LSD hält in dieser Hinsicht jede Menge Überraschungen bereit.

Und das Weazel war an Überraschungen gewöhnt. Es gierte danach.

Das Weazel hatte aber auch gelernt, auf die Warnungen guter Freunde zu hören.

Eine davon wäre gewesen, niemals alleine LSD zu nehmen.

Nachdem das nun nicht mehr zu ändern war, galt es wenigstens, den Rest zu beachten: Wenn Du schon ohne Reiseleiter oder gute Freunde auf Trip gehst, dann erhalte Dir ein gesundes Misstrauen gegenüber allen Filmen, die Dir Deine durchbrennende Vorstellungskraft einschiebt. Lass Dich nicht zu weit in eine Realitätsebene fallen, halte Dir die Tür zu möglichst vielen offen. Hinterfrage nicht ständig, was Du siehst, aber sei auch nicht sonderlich überzeugt davon. Wahr oder unwahr, darum geht es jetzt sowieso grad nicht. Beobachte einfach, genieße die Aussicht. Aber benutze die Boarding Card für den Rückflug nicht als Joint-Filter.

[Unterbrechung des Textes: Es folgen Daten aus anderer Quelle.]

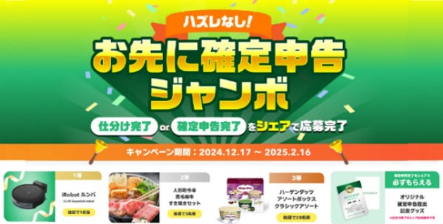 2024年12月17日より、「タックスナップ」にて「お先に確定申告ジャンボ」キャンペーンを実施しております。「仕分け*」の作業もしくは「確定申告」をアプリ内で完了し、完了画面をSNSでシェアすると、抽選に応募できます。仕分けや確定申告を「お先に」終わらせることで余裕を持って確定申告に取り組んでいただくことと、他より一歩先に動く方を称えることを目的としています。

Es gibt in der einschlägigen Literatur diverse Hinweise, wann es gefährlich wird. Die Vermischung verschiedener Realitätsebenen ist nicht nur unmöglich zu verhindern. Sie ist Sinn und Zweck jeder psychedelischen Unternehmung. Dahinter kommen zu wollen, wie die Welten sich durchdringen, geistig herumzuexperimentieren – fair enough! Große Kulturwerke aller Epochen haben erheblich von dieser kostengünstigen Art der Fernreise profitiert.

Drum reise weit und wild und ohne Grenzen, aber vergiss nicht: Dein eigner Kopf ist, was Du als Sternenwelt durchfährst!

Allzu ehrgeizige Versuche, die Gelegenheit zur Klärung letzter Menschheitsfragen zu nutzen, sollten deshalb vermieden werden. Überhaupt gilt es, sich auf gedanklicher Ebene zu mäßigen. Besser ist, stets mit dem Körpergefühl in Kontakt zu bleiben. Auch der Körper kann Dich täuschen, bleibt aber als Korrektiv zum freispinnenden Geist und als letzte Verankerung im Diesseits die einzig vertrauenswürdige Instanz. Insbesondere auf Solo-Trip verliert es sich allzu leicht in den labyrinthischen Gängen Deines chemisch stimulierten Gehirnbrockens. Und wer garantiert, dass Dein Ariadnefaden nicht reißt, Baby Blue?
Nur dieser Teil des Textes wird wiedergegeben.